Exercise prompt – Copy all the entries below exactly, but not the pictures.

═════ Entries provided

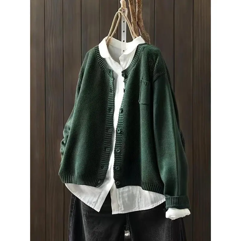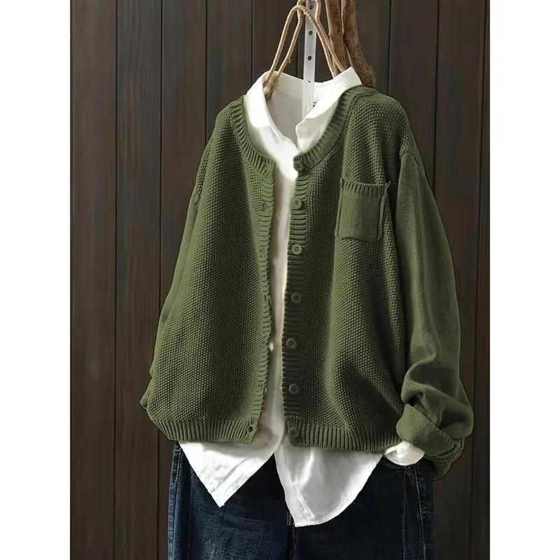 DurableStyle)Women'sOliveGreenCasualKnitCardigan-LooseFitLongSleeveSweaterJacketwithButtonsandPockets|AutumnWinterComfortableAcrylicOversizedSweater
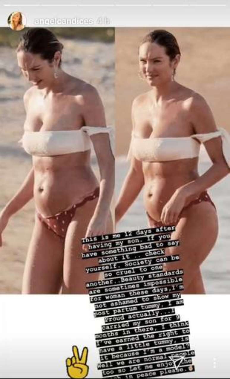 A modelo sul-africana Candice Swanepoel fez post no Stories do seu Instagram comentando fotos suas que foram tiradas por paparazzi enquanto passava férias em Vitória, no Espírito Santo. Duas semanas após dar à luz seu segundo filho, Ariel, do relacionamento com o modelo brasileiro Hermann Nicoli, respondeu às críticas que recebeu por usar um biquíni tão pouco tempo após o parto e disse que não tem nada do que se envergonhar.
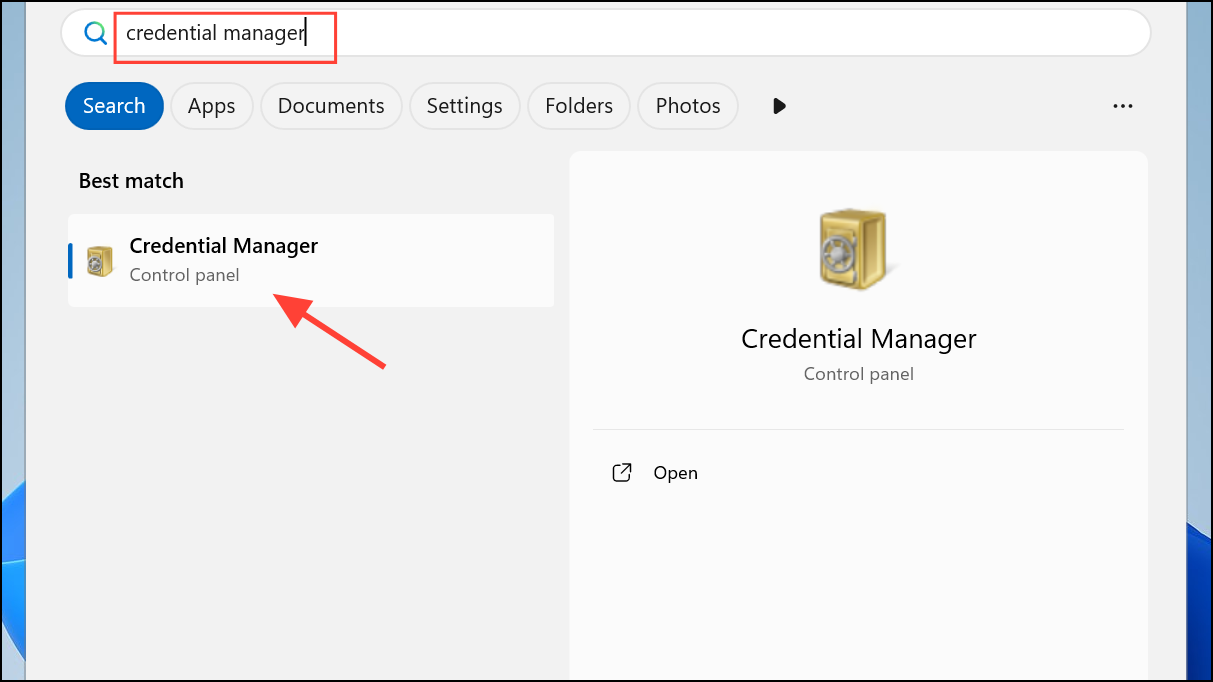 Step 2: Open Credential Manager by searching for it in the Windows Start menu.
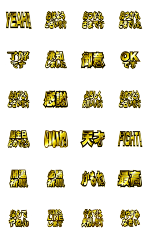 金文字の動く版第3弾です,おはようからおやすみ,了解,おつかれさま,誕生日祝など毎日使える言葉を豪華でリアルなゴールドでド派手に伝えます
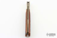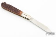 This lockback by Remmington has a satin finished blade with nail nick. The handle has nickel silver bolsters, faux jigged bone covers, brass liners and steel springs. Has a few light scratches, otherwise excellent condition. Dated 2000
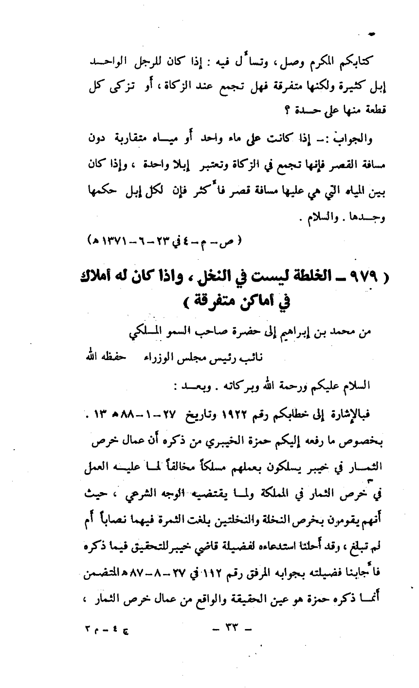 فبالإشارة إلى خطابكم رقم 1922 وتاريخ 27/1/1388هـ بخصوص مارفعه إليكم حمزة الخيبري من ذكره أن عمال خرص الثمار في خيبر يسلكون بعملهم مسلكاً مخالفاً لما عليه العمل في خرص الثمار في المملكة ولما يقتضيه الوجه الشرعي، حيث أنهم يقومون بخرص النخلة والنخلتين بلغت الثمرة فيهما نصاباً أم لم تبلغ، وقد أحلنا استدعاءه لفضيلة قاضي خيبر للتحقيق فيما ذكره فأجابنا فضيلته بجوابه المرفق رقم 112 في 27/8/87هـ المتضمن أنما ذكره حمزة هو عين الحقيقة والواقع من عمال خرص الثمار
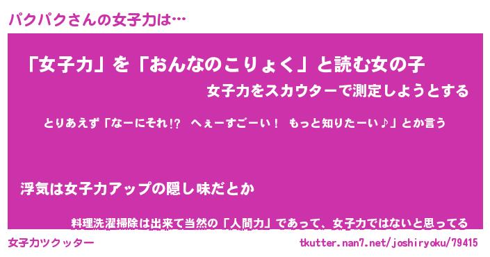 | ファンタジー風あだ名 | 『パクフェル』『エターナルパクパクー』 |

══════════

Written answer –
 DurableStyle)Women'sOliveGreenCasualKnitCardigan-LooseFitLongSleeveSweaterJacketwithButtonsandPockets|AutumnWinterComfortableAcrylicOversizedSweater
 A modelo sul-africana Candice Swanepoel fez post no Stories do seu Instagram comentando fotos suas que foram tiradas por paparazzi enquanto passava férias em Vitória, no Espírito Santo. Duas semanas após dar à luz seu segundo filho, Ariel, do relacionamento com o modelo brasileiro Hermann Nicoli, respondeu às críticas que recebeu por usar um biquíni tão pouco tempo após o parto e disse que não tem nada do que se envergonhar.
 Step 2: Open Credential Manager by searching for it in the Windows Start menu.
 金文字の動く版第3弾です,おはようからおやすみ,了解,おつかれさま,誕生日祝など毎日使える言葉を豪華でリアルなゴールドでド派手に伝えます
 This lockback by Remmington has a satin finished blade with nail nick. The handle has nickel silver bolsters, faux jigged bone covers, brass liners and steel springs. Has a few light scratches, otherwise excellent condition. Dated 2000
 فبالإشارة إلى خطابكم رقم 1922 وتاريخ 27/1/1388هـ بخصوص مارفعه إليكم حمزة الخيبري من ذكره أن عمال خرص الثمار في خيبر يسلكون بعملهم مسلكاً مخالفاً لما عليه العمل في خرص الثمار في المملكة ولما يقتضيه الوجه الشرعي، حيث أنهم يقومون بخرص النخلة والنخلتين بلغت الثمرة فيهما نصاباً أم لم تبلغ، وقد أحلنا استدعاءه لفضيلة قاضي خيبر للتحقيق فيما ذكره فأجابنا فضيلته بجوابه المرفق رقم 112 في 27/8/87هـ المتضمن أنما ذكره حمزة هو عين الحقيقة والواقع من عمال خرص الثمار
 | ファンタジー風あだ名 | 『パクフェル』『エターナルパクパクー』 |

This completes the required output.